Source data –
○ ○ ○ ○ ○
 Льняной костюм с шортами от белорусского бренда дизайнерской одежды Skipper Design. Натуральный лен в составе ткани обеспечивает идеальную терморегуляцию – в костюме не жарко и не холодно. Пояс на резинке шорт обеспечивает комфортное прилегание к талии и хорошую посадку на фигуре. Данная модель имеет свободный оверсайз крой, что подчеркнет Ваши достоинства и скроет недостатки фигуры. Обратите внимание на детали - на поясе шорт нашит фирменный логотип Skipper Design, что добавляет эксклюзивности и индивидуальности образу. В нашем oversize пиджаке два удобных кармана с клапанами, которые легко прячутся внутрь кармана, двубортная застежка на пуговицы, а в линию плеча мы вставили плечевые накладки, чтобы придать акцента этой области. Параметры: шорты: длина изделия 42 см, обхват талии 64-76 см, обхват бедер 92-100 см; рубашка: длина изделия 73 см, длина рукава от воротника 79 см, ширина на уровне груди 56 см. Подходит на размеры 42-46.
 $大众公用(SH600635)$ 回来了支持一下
○ ○ ○ ○ ○
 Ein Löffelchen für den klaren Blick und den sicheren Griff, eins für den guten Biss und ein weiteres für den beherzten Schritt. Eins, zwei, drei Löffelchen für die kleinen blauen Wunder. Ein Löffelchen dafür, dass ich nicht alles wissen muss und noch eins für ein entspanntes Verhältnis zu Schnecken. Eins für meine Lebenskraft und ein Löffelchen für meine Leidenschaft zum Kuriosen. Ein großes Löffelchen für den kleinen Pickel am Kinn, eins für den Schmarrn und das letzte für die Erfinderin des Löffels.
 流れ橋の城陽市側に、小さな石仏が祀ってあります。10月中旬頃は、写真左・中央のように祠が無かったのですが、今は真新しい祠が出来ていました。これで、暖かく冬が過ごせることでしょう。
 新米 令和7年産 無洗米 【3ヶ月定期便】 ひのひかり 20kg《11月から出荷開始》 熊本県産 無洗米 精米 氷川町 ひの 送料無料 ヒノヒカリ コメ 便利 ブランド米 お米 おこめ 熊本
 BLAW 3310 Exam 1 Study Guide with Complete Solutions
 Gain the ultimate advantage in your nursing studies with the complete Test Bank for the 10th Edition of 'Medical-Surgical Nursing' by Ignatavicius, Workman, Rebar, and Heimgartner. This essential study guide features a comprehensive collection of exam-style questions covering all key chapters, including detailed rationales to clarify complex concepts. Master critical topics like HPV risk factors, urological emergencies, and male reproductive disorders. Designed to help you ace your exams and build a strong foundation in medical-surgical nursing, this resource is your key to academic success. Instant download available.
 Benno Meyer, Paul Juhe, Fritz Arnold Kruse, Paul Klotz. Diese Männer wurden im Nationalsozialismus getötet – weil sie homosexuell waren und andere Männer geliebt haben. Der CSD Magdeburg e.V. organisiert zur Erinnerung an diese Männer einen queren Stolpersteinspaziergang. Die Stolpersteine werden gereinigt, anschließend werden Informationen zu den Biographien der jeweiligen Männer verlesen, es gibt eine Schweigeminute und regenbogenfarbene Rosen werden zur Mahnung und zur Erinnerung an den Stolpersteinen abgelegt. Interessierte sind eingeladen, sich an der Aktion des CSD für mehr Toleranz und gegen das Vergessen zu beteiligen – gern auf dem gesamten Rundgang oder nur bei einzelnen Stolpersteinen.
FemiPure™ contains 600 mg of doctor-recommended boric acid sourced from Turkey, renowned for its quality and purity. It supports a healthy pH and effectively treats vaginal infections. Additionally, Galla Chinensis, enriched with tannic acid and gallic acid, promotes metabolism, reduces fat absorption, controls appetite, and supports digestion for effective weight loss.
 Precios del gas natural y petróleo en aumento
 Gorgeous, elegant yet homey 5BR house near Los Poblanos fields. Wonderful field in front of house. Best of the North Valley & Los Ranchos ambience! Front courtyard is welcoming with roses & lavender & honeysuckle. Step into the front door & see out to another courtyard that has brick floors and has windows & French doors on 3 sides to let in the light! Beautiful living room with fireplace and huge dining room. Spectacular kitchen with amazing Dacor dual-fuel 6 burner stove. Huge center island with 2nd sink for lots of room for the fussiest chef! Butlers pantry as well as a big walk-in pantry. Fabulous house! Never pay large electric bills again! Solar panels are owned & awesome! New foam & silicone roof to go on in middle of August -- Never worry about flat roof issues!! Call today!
○ ○ ○ ○ ○
What to produce – Reprint exactly the lines above that start at the one with "新米 令和7年産 無洗米" and end at the one with "Precios del gas", keeping both and adding none.

Expected answer –
 新米 令和7年産 無洗米 【3ヶ月定期便】 ひのひかり 20kg《11月から出荷開始》 熊本県産 無洗米 精米 氷川町 ひの 送料無料 ヒノヒカリ コメ 便利 ブランド米 お米 おこめ 熊本
 BLAW 3310 Exam 1 Study Guide with Complete Solutions
 Gain the ultimate advantage in your nursing studies with the complete Test Bank for the 10th Edition of 'Medical-Surgical Nursing' by Ignatavicius, Workman, Rebar, and Heimgartner. This essential study guide features a comprehensive collection of exam-style questions covering all key chapters, including detailed rationales to clarify complex concepts. Master critical topics like HPV risk factors, urological emergencies, and male reproductive disorders. Designed to help you ace your exams and build a strong foundation in medical-surgical nursing, this resource is your key to academic success. Instant download available.
 Benno Meyer, Paul Juhe, Fritz Arnold Kruse, Paul Klotz. Diese Männer wurden im Nationalsozialismus getötet – weil sie homosexuell waren und andere Männer geliebt haben. Der CSD Magdeburg e.V. organisiert zur Erinnerung an diese Männer einen queren Stolpersteinspaziergang. Die Stolpersteine werden gereinigt, anschließend werden Informationen zu den Biographien der jeweiligen Männer verlesen, es gibt eine Schweigeminute und regenbogenfarbene Rosen werden zur Mahnung und zur Erinnerung an den Stolpersteinen abgelegt. Interessierte sind eingeladen, sich an der Aktion des CSD für mehr Toleranz und gegen das Vergessen zu beteiligen – gern auf dem gesamten Rundgang oder nur bei einzelnen Stolpersteinen.
FemiPure™ contains 600 mg of doctor-recommended boric acid sourced from Turkey, renowned for its quality and purity. It supports a healthy pH and effectively treats vaginal infections. Additionally, Galla Chinensis, enriched with tannic acid and gallic acid, promotes metabolism, reduces fat absorption, controls appetite, and supports digestion for effective weight loss.
 Precios del gas natural y petróleo en aumento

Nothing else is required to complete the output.